I secretly wish I could be the boss of everyone (C’mon, I am a mom.  All moms want to tell everyone what to do and how to do it) and tell them exactly what they need to do in order to make my life easier. Memos from Mom is a blog done in the style of business memos.  Well, maybe not quite the exact style, as I’m sure professional business memos do not reference child vomit, Entenmann’s Pop ‘ems binges, dog diarrhea, and a mom’s crush on Rick Springfield.  However, like business memos, I will address various situations and problems and even throw out a thank you here and there.

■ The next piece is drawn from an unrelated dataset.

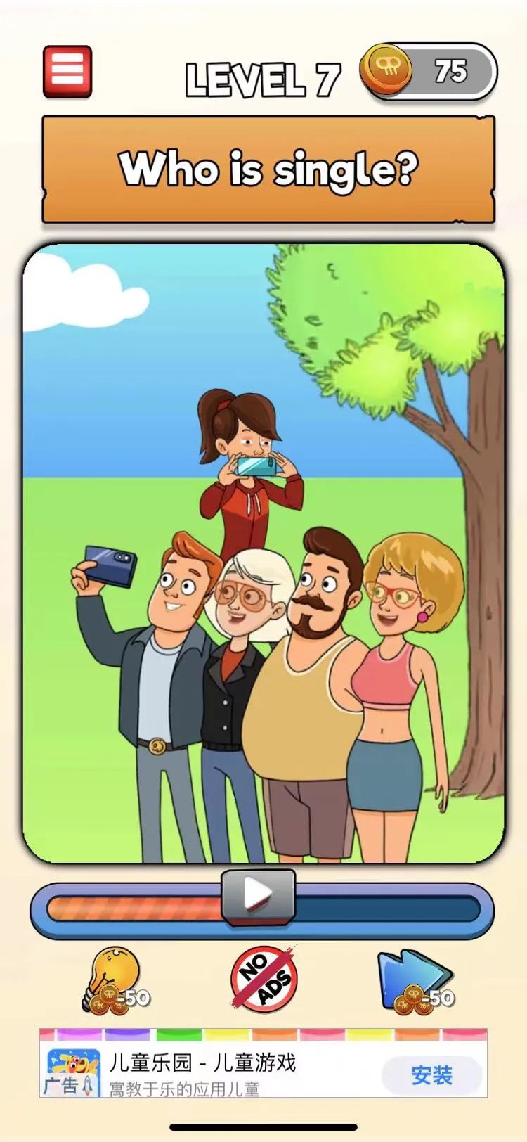 简单的游戏设计,对应的也只有一种简单的内部货币“Coins”,这款印有卡通骷髅头像的货币通常可以在过关后取得,其最大意义在于帮助玩家购买提示和快进次数。提示可以标出谜题的关键线索,快进则可以让玩家直接跳过一道迷题,继续游戏进程。

Moms want to rule the world, but want to feel like they are not alone in their quest for power in a role that sometimes feels powerless.  Memos from Mom will be full of memos to my son, my husband, the moms on the playground, corporations, the government, rock stars, you name it.  My hope is that just when you think you will self-implode from the stress of mommyhood, you can read a memo, laugh, and know that you are not alone.